What the task asks:
Pictures in the records below must be left out. Return exactly the lines from the line with "A business mouse" to the line with "2024-25 | 17", both included.

Task material:
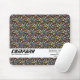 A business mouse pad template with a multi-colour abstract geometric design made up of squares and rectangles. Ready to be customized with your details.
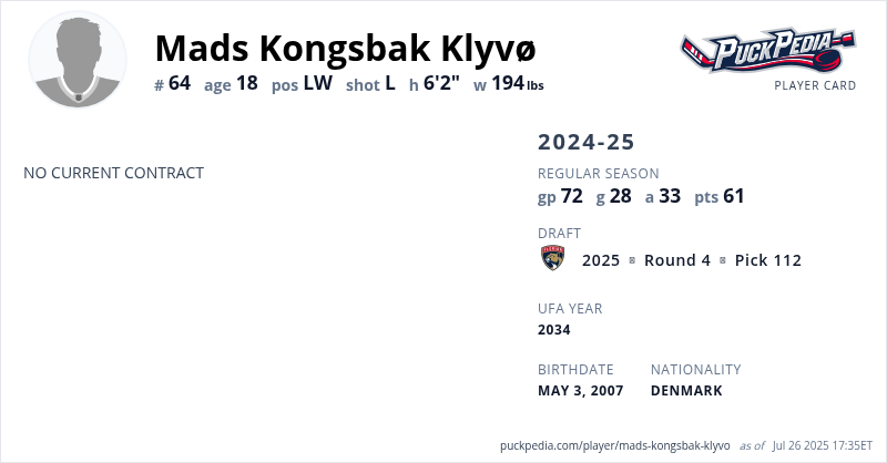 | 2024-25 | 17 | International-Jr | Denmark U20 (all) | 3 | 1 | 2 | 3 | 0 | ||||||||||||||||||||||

==

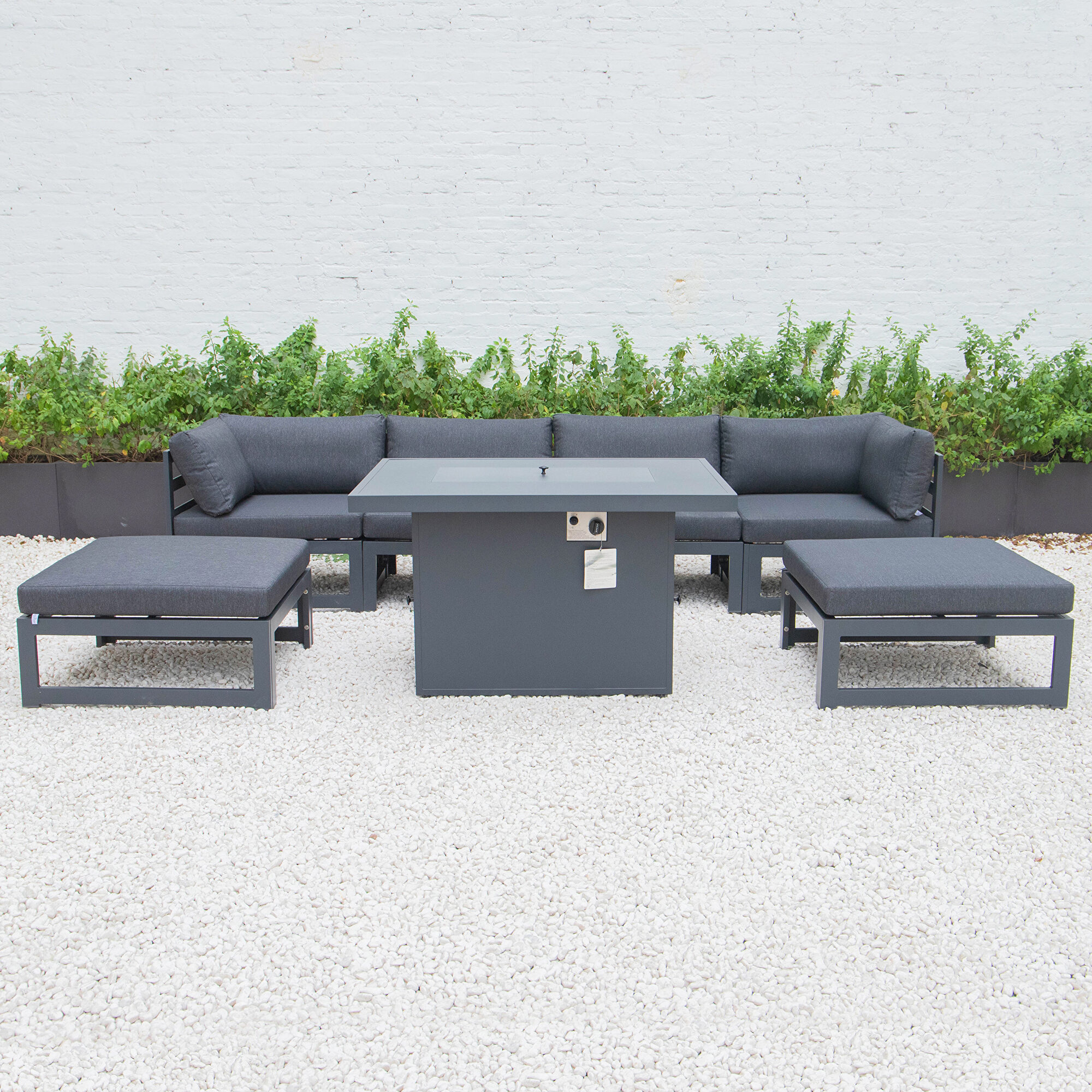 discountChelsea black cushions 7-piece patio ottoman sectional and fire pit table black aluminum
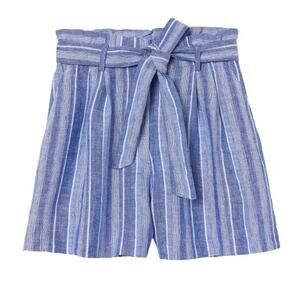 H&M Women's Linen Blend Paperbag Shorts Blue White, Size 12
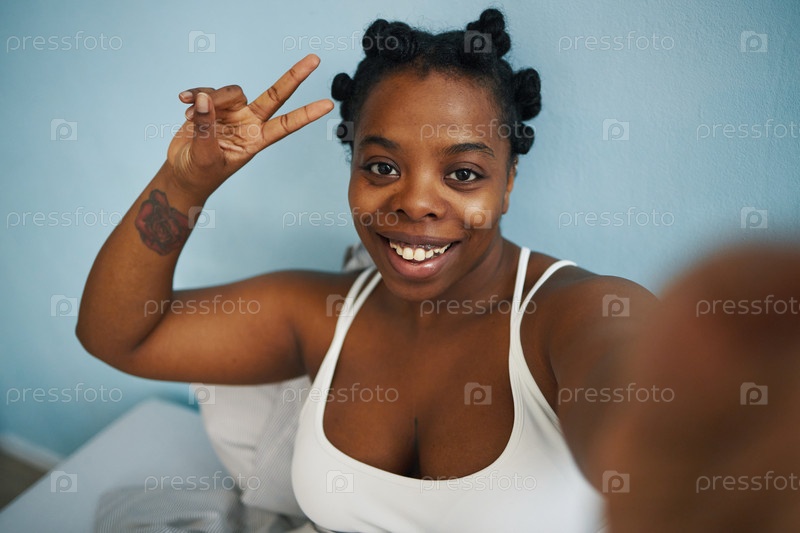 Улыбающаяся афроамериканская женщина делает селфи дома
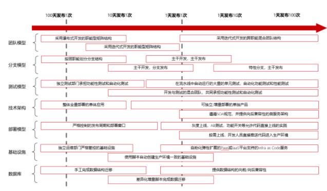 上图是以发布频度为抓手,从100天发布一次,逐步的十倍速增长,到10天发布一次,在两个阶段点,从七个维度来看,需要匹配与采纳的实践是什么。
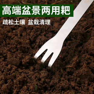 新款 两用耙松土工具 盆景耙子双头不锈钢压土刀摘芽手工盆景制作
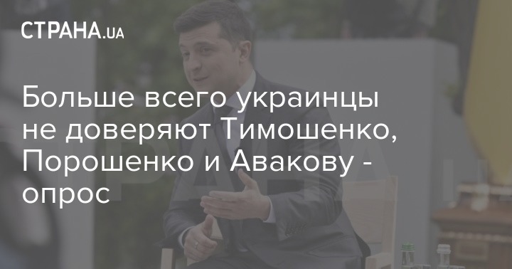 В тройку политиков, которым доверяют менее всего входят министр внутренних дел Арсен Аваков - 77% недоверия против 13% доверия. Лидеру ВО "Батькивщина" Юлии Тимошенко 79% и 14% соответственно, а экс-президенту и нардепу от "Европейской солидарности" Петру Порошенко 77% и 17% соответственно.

Solution to the problem:
 A business mouse pad template with a multi-colour abstract geometric design made up of squares and rectangles. Ready to be customized with your details.
 | 2024-25 | 17 | International-Jr | Denmark U20 (all) | 3 | 1 | 2 | 3 | 0 | ||||||||||||||||||||||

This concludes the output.